## Problem
Below is a listing; retype exactly the line with "具体来看,今日,光伏概念股集" and every line after it through the end, and only those, leaving out the pictures.

## Source material
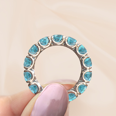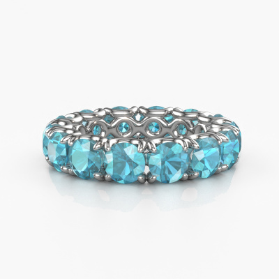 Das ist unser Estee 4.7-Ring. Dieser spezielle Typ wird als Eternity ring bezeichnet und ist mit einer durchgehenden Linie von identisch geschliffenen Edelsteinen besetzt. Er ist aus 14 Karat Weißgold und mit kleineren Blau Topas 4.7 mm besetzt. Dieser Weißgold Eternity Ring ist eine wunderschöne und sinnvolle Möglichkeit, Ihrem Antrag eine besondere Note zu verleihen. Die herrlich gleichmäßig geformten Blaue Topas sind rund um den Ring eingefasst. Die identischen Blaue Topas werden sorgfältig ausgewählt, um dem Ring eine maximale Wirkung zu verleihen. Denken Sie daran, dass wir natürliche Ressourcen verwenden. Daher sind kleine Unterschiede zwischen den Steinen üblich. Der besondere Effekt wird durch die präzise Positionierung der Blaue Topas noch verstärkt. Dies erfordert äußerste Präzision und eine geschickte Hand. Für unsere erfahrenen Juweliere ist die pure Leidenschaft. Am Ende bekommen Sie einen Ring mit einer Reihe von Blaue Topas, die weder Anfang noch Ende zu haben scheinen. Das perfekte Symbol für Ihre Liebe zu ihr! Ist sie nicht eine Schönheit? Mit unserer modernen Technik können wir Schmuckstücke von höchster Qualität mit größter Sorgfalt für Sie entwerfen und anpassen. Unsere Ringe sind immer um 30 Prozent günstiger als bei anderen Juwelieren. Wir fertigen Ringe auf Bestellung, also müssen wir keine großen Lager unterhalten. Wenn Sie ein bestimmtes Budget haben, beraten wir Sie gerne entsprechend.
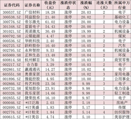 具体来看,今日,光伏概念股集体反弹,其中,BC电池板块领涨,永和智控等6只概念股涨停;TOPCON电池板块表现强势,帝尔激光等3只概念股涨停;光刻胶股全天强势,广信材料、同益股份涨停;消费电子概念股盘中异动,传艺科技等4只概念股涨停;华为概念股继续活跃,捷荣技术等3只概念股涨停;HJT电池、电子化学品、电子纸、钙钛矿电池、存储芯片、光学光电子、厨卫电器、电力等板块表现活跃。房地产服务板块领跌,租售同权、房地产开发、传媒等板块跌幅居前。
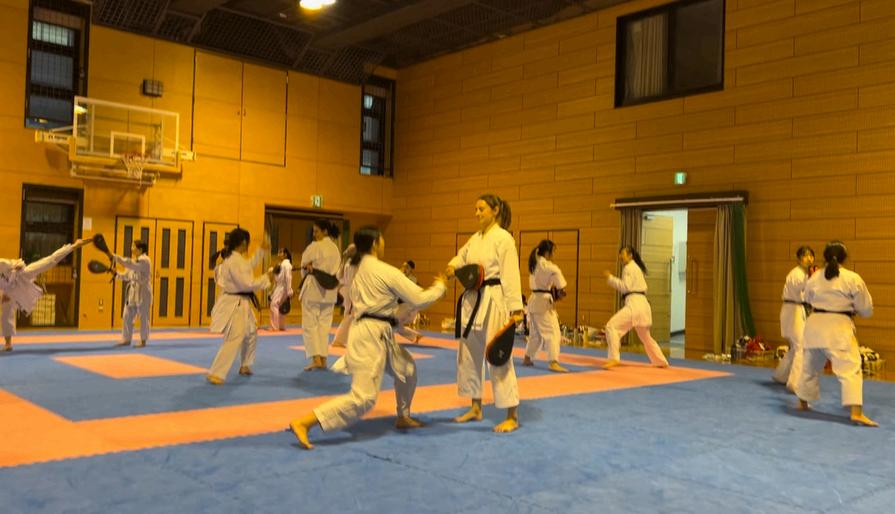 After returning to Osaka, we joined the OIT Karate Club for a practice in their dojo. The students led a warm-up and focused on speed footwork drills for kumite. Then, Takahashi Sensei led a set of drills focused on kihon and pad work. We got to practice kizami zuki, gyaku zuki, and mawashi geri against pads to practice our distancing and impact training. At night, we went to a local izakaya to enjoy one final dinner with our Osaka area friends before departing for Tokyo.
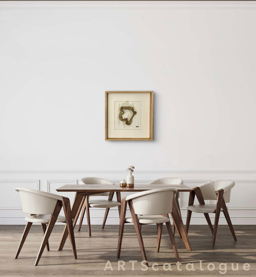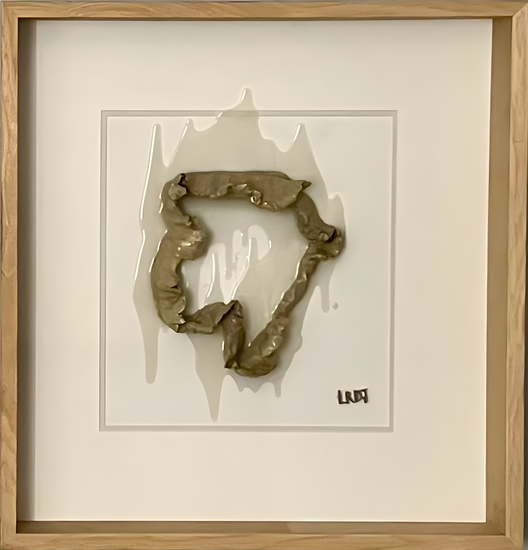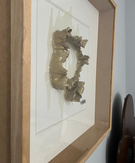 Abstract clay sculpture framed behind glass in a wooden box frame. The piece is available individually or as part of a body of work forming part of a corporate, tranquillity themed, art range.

## Written answer
 具体来看,今日,光伏概念股集体反弹,其中,BC电池板块领涨,永和智控等6只概念股涨停;TOPCON电池板块表现强势,帝尔激光等3只概念股涨停;光刻胶股全天强势,广信材料、同益股份涨停;消费电子概念股盘中异动,传艺科技等4只概念股涨停;华为概念股继续活跃,捷荣技术等3只概念股涨停;HJT电池、电子化学品、电子纸、钙钛矿电池、存储芯片、光学光电子、厨卫电器、电力等板块表现活跃。房地产服务板块领跌,租售同权、房地产开发、传媒等板块跌幅居前。
 After returning to Osaka, we joined the OIT Karate Club for a practice in their dojo. The students led a warm-up and focused on speed footwork drills for kumite. Then, Takahashi Sensei led a set of drills focused on kihon and pad work. We got to practice kizami zuki, gyaku zuki, and mawashi geri against pads to practice our distancing and impact training. At night, we went to a local izakaya to enjoy one final dinner with our Osaka area friends before departing for Tokyo.
 Abstract clay sculpture framed behind glass in a wooden box frame. The piece is available individually or as part of a body of work forming part of a corporate, tranquillity themed, art range.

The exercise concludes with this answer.